A variation of this low-pressure/high-pressure heat exchanger method would see the low-pressure hot gas being propogated either through a heater tube located inside a 1,000-psi accumulator (to maintain thermal energy levels), or through "firetubes" located in a 300-psi firetube-type boiler to raise steam for propulsion. In the latter case, a superheating heat exchanger would need to be used, where low-pressure hot fluid from the thermal tank would superheat higher-pressure saturated steam leaving the boiler, prior to being expanded in a positive displacement steam engine. Alternatively, a separate superheating thermal tank may also be used. The use of an intermediate low-pressure fluid allows for low-pressure lines to be used in the thermal tank(s).
All interior surfaces inside the thermal storage tanks may then be coated and lined with chemically-neutral, corrosion resistant and inert ceramic material. Low pressure heat exchanger equipment located inside the thermal tanks may be made from ceramic materials such as silicon-carbide (SC-1000 from Kyocera, 130-W/M-deg C thermal conductivity) or even silicon-nitride (SN-281 from Kyocera, 59-watts/metre - degree C thermal conductivity). The high thermal conductivity of silicon-carbide allows for relatively thick-walled heater tubes. By comparison, irons and steels have lower levels of thermal conductivity at temperatures over 300-deg C/500-deg F.
Heat Exchanger Material:
The nature and properties of the heat exchanger material will ultimately be one of the major factors influencing theuse of heat of fusion technology in fireless steam railway traction. Most metals in the solid state would be apt to corrode when immersed in another molten metal. Corrosion-resistant metals such as chrome-nickel alloy stainless steel have very relative low levels of thermal conductivity (19 - 26 W/M-deg C) at elevated temperatures (300 - 800 -deg C/ 500 - 1400-deg C), with thermal expansion coefficients of 0.0000065/degree F. Corossion-resistant ceramics like silicon-carbide and silicon-nitride maintain their mechanical and thermal properties to temperatures well excess of 1,000-deg C/1800-deg F. In terms of thermal expansion, silicon-nitride has a coefficient of 0.0000019/degree F while silicon-carbide has a coefficient of 0.0000025/degree F. There is, however, concern about the UTS (ultimate tensile strength) of ceramic materials carrying high-pressure water/steam.

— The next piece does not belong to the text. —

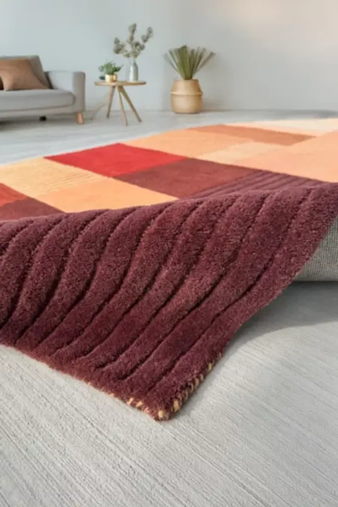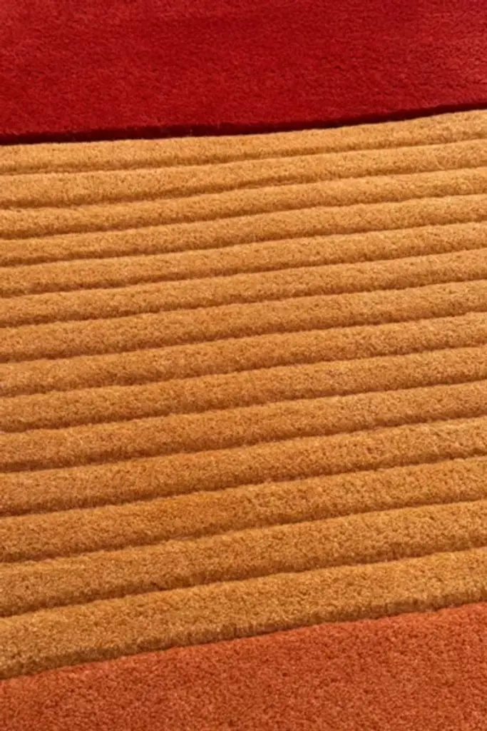 **Made-to-Order. Product will ship within 3 weeks (21–25 business days)** Terracotta, ochre, blush, and plum unfold across a sculptural arch in this hand-tufted wool rug, inspired by the light and warmth of golden hour. The layered composition combines clean lines with rich color and subtle texture, creating a warm, graphic presence. Made from plush New Zealand wool, it’s a grounded focal point for living rooms, bedrooms, or any space that plays with shape and color. **Content + Care** \- 100% New Zealand Wool \- Pile Height: 0.75" \- Spot clean only \- Imported **Size + Fit** \- 2' x 3': 24"l x 36"w \- 3' x 5': 36"l x 60"w \- 4' x 6': 48"l x 72"w \- 5' x 7': 60"l x 84"w \- 6' x 9': 72"l x 108"w \- 8' x 10': 96"l x 120"w \- 9' x 12': 108"l x 144"w

Due to differences in rates of thermal expansion, stainless steel and ceramic cannot be used together inside the same tank. Even a joint between two pipes of different materials may be problematic as far as carrying high-pressure heated fluid is concerned: there is a high propensity for fluid leakage or stress cracking of the material, perhaps even both. The nature of the materials used in the construction of the thermodynamic system of a heat of fusion fireless steam locomotive, will influence its design layout. To minimize problems of leakage or stress cracking, the heat storage tank, heat exchangers, water pump, accumulator and steam engine may have to all be made from the same material.
In an all (chrome-nickel alloy) stainless steel system, the low level of material thermal conductivity would require that the heat of fusion tank be used along with an accumulator. It is as yet uncertain as to whether molten aluminium (at 700-deg C/1300-deg F) would corrode chrome-nickel alloy stainless steel. If not, then aluminium may be used as a thermal storage medium, for the purposes of maintaining heat levels inside the accumulator(s). Heat would re-circulate between the thermal storage tank and the accumulator(s) via heat exchangers in both tanks, with pump-driven low-pressure fluid flowing continuously between the two while the locomotive is in service. The low thermal conductivity of the stainless steel would allow for a very small amount of water to be raised into high-pressure saturated steam that could be injected into the accumulator(s) via perforated pipe(s). This restraint allows for Ranotor condensor/coolers to be used, allowing for some re-use of exhaust steam and extending locomotive operating range.
Stainless steel boilers are made in Peru, allowing an accumulator to be beuilt from the same material and operate at 1,000-psi. The fairly rapid task of heating the fluid in the accumulator would be done by flowing steam through one or more perforated pipes. The time consuming task of heating of the aluminium would need to be done either by using heat pipes, or transmitting infrared solar thermal energy through fibre-optic cables made from artificial sapphire (an aluminium-oxide). The stainless steel system may even require the use of stainless steel cylinders.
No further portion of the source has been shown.